The far north continues to receive reasonable falls of rainfall. These tropical lows have traversed southward with some flooding recorded in the Fitzroy Valley and at this stage a fair outlook exits for the season up there. The Pilbara and Gascoyne regions also have recorded reasonable rainfall. Further south, the Agricultural districts experienced a week of hot and humid conditions and these combined to create thunderstorms across much of the wheatbelt. Grass supplies continue to decline and supplementary feeding is now a necessity for many producers.

Saleyard numbers were all larger with the southwest area continuing to have additional regional weaner sales. Vealer turnoff continues to be very high as is usually the case at this time of year. The recent spate of very hot weather and high temperatures has impacted vealer condition with the majority showing definite signs of drying out.

Positively this week was the reopening of the State’s largest export processor and this has be a relief for the WA producer base. Heavy weight steer and heifer supplies continued to be minimal at physical markets. There were more normal levels of trade weight steers and heifers after the very limited supplies witnessed the previous week. Cow numbers also rebounded with improved volumes of pastoral drafts penned at Midland early in the week.

Trade competition was generally more active, while feeder demand increased quite sharply in comparison to what has been witnessed since entry into the New Year. Live export demand remains very with solid shipping schedules currently in place.

Cow market rebounds

There remained a reasonable percentage of heavy weight vealers available, despite medium and lightweights dominating yardings. Generally all classes recorded an increase in feeder demand that saw the majority receive rate rises of 5¢/kg with medium steers and heifers realising the largest rates increases.
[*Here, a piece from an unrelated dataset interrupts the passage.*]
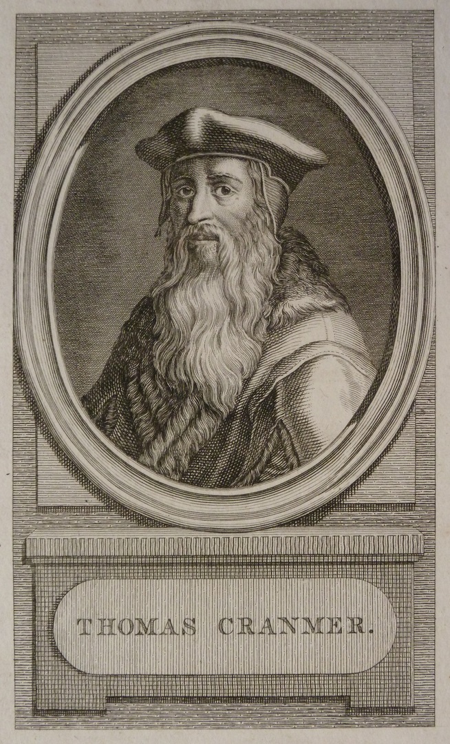 Borstbeeld naar links, aanziend, met baret. In ovaal met onderschrift: 'Thomas Cranmer.'.

Lightweight heifers continue to struggle for competition in comparison to heavier classes, but still enjoyed dearer prices. Some agents have suggested that the current high turnoff of vealers will end shortly with the majority being sold by the end of this month. The larger supplies of trade weight yearling steers and heifers were of a reasonable quality. The weaker trade competition on steers realised last week rebounded and subsequently rates rose by approximately 10¢/kg lwt, while trade weight grass finished yearling heifer rates remained firm.

Heavy weight steer and bullock rates were quoted at higher levels due to an increase in processor demand.

The larger supplies of cows realised solid processor competition, while Bos Indicus breeds of pastoral cows enjoyed a live export interest that lifted rates between 4¢ and 6¢/kg. The medium and lightweight cows received ongoing restocker interest.